***** Supplied records *****

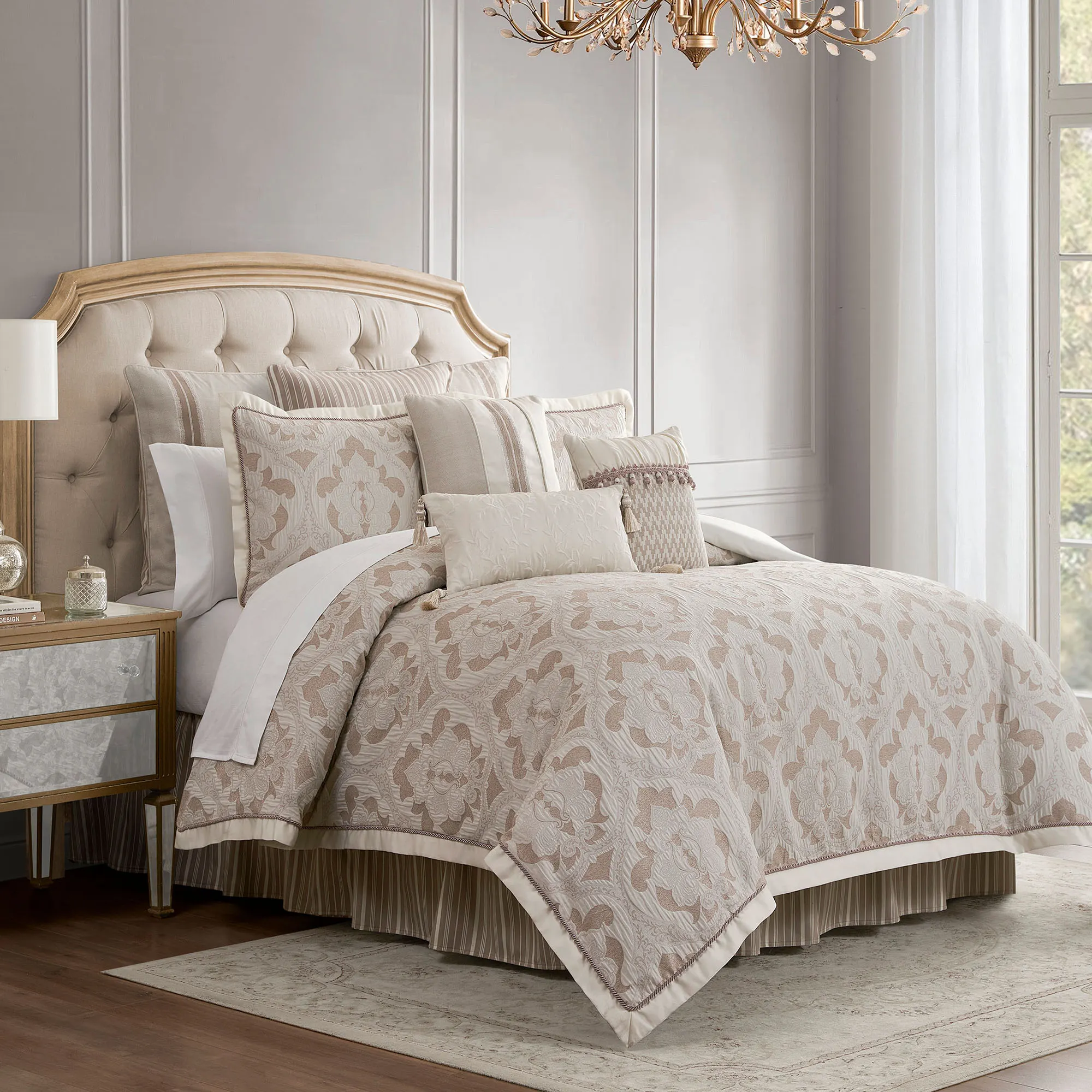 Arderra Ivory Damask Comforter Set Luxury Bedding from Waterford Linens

*****
***** Supplied records *****

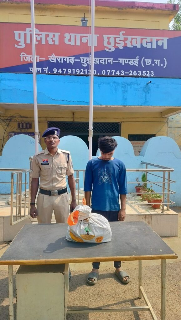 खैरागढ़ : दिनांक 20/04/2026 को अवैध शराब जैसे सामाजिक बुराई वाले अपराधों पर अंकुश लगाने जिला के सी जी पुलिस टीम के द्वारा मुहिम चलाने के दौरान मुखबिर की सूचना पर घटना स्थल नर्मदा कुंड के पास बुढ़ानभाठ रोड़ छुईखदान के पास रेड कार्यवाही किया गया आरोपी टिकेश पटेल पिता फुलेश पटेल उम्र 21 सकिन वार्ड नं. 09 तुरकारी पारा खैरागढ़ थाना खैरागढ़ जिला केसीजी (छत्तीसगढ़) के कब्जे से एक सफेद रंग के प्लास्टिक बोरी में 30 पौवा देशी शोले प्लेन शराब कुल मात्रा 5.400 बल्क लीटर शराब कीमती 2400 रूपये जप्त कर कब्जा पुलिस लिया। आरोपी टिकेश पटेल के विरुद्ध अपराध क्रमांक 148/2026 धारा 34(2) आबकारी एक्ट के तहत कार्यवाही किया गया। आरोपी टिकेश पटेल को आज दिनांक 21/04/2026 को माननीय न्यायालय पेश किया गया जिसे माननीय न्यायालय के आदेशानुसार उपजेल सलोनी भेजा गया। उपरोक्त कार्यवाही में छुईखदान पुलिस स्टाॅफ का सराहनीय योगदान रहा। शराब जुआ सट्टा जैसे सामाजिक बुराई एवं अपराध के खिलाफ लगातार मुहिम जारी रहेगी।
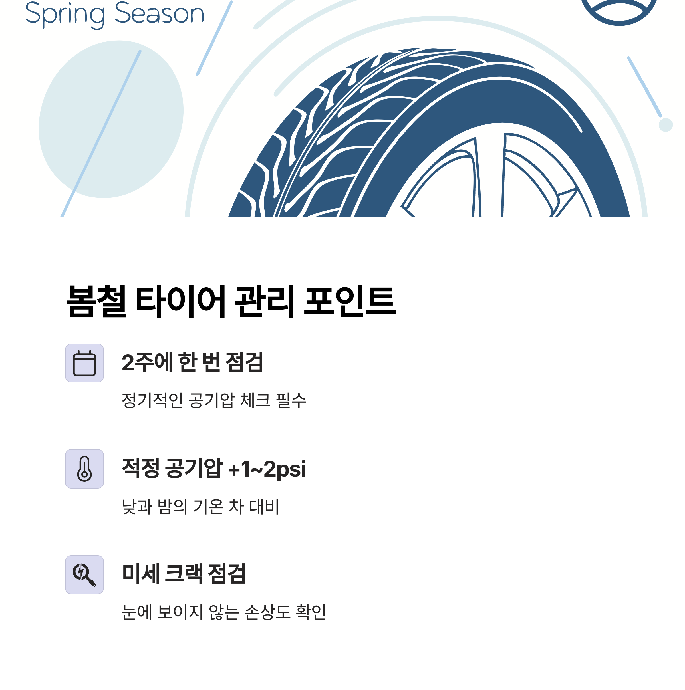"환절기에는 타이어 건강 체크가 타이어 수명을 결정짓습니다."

*****
***** Supplied records *****

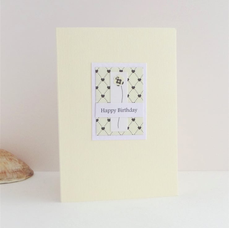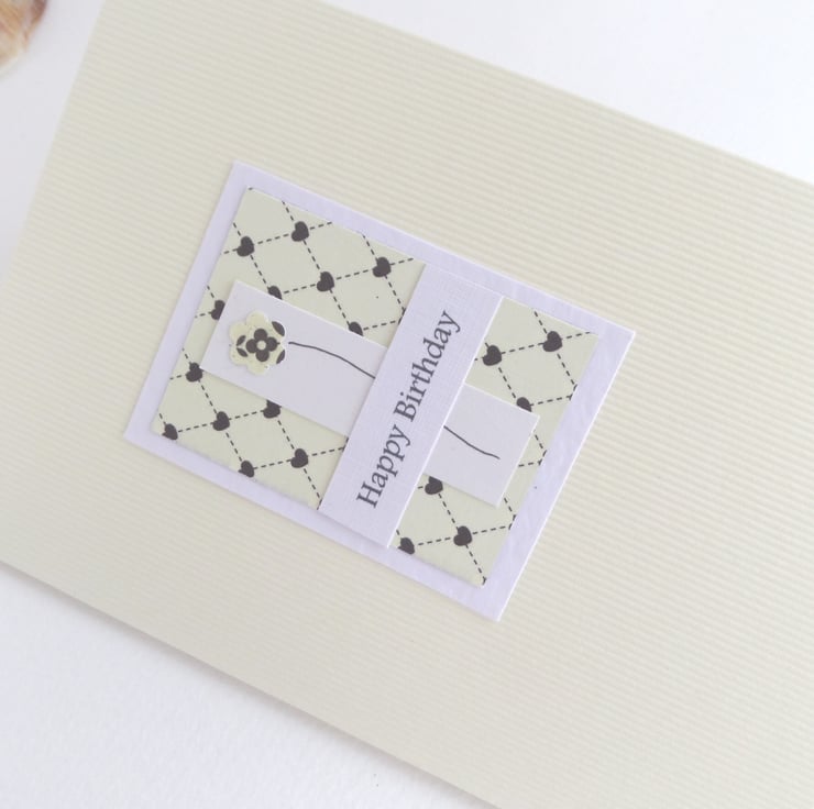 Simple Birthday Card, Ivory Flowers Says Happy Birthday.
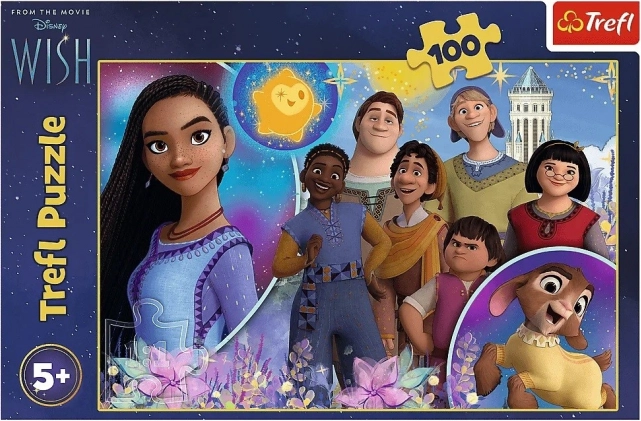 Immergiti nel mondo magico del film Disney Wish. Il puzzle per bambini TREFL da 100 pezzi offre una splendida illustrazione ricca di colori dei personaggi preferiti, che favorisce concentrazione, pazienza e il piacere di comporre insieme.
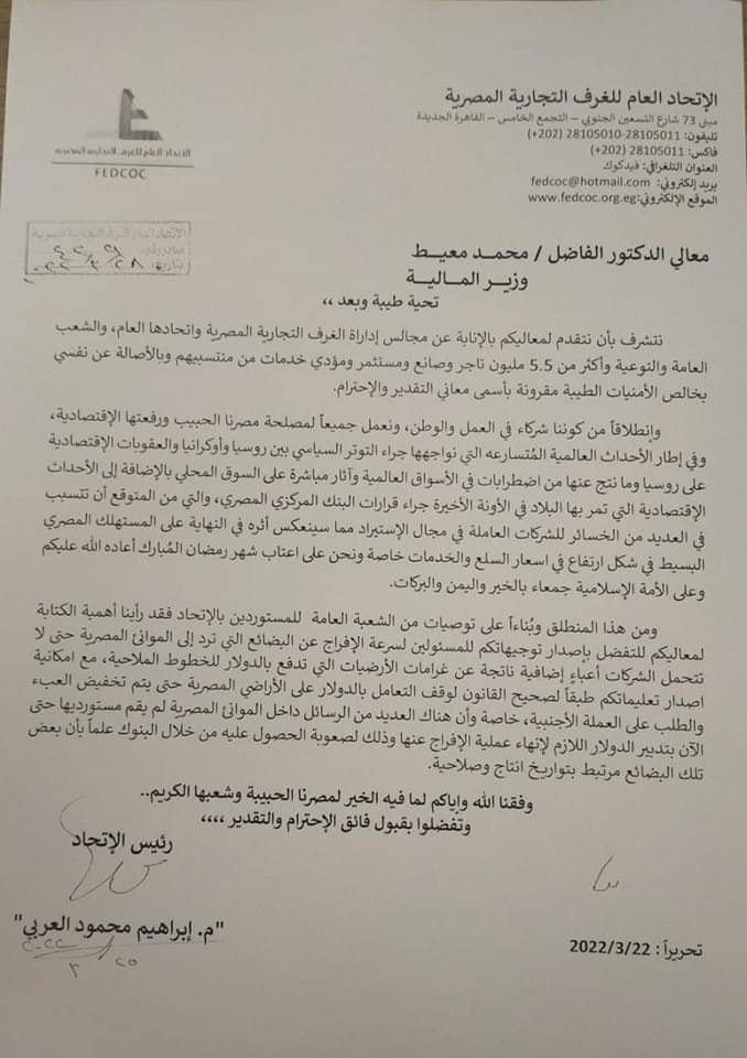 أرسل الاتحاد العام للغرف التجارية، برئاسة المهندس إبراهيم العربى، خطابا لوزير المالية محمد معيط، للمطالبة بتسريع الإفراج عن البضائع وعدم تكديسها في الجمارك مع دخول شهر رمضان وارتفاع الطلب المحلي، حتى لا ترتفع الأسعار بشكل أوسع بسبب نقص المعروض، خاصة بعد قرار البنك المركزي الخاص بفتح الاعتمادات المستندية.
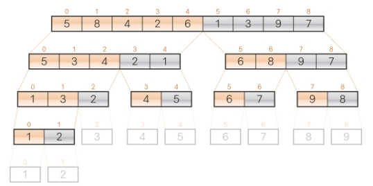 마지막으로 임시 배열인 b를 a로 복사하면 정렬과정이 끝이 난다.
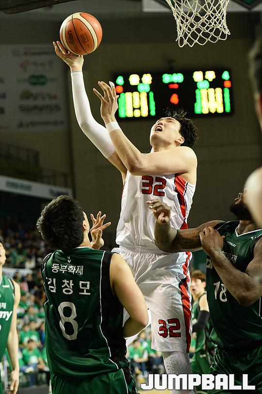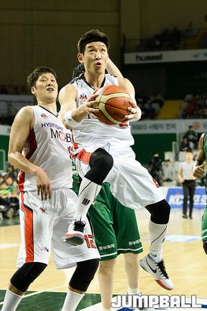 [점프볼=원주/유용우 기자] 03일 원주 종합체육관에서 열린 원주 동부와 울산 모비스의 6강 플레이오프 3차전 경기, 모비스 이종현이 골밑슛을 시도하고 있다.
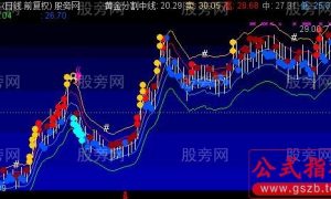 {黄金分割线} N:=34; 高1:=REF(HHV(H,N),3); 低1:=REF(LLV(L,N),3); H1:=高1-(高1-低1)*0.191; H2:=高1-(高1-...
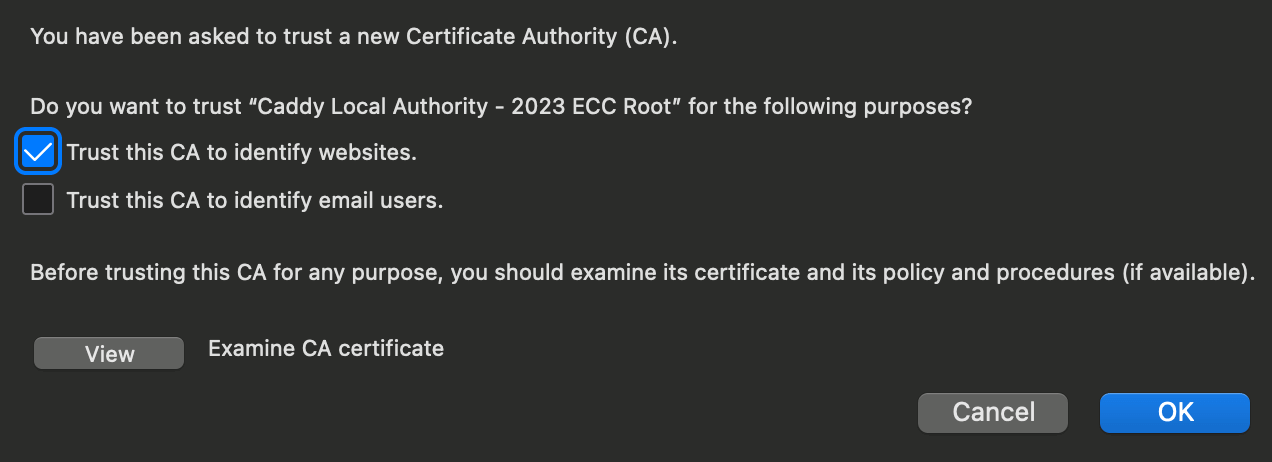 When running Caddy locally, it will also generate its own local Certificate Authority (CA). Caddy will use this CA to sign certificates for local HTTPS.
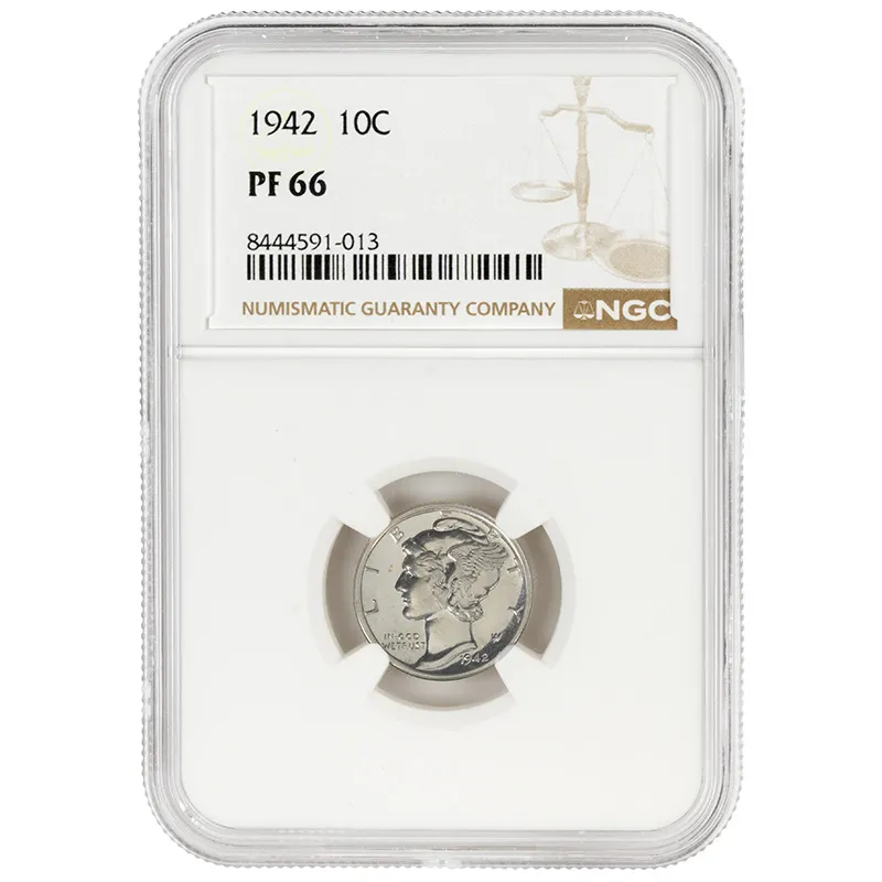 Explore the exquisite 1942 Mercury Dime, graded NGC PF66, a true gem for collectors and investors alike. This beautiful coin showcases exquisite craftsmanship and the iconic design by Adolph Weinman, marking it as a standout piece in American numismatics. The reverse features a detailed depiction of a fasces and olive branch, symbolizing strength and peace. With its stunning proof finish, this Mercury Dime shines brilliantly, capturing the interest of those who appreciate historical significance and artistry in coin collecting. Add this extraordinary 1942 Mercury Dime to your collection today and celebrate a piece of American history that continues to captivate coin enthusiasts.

*****

(Exercise)
Would you write out exactly the lines above, starting at the line containing "[점프볼=원주/유용우 기자] 03일" and stopping after the line containing "When running Caddy"? Omit the pictures.

(Task solution)
 [점프볼=원주/유용우 기자] 03일 원주 종합체육관에서 열린 원주 동부와 울산 모비스의 6강 플레이오프 3차전 경기, 모비스 이종현이 골밑슛을 시도하고 있다.
 {黄金分割线} N:=34; 高1:=REF(HHV(H,N),3); 低1:=REF(LLV(L,N),3); H1:=高1-(高1-低1)*0.191; H2:=高1-(高1-...
 When running Caddy locally, it will also generate its own local Certificate Authority (CA). Caddy will use this CA to sign certificates for local HTTPS.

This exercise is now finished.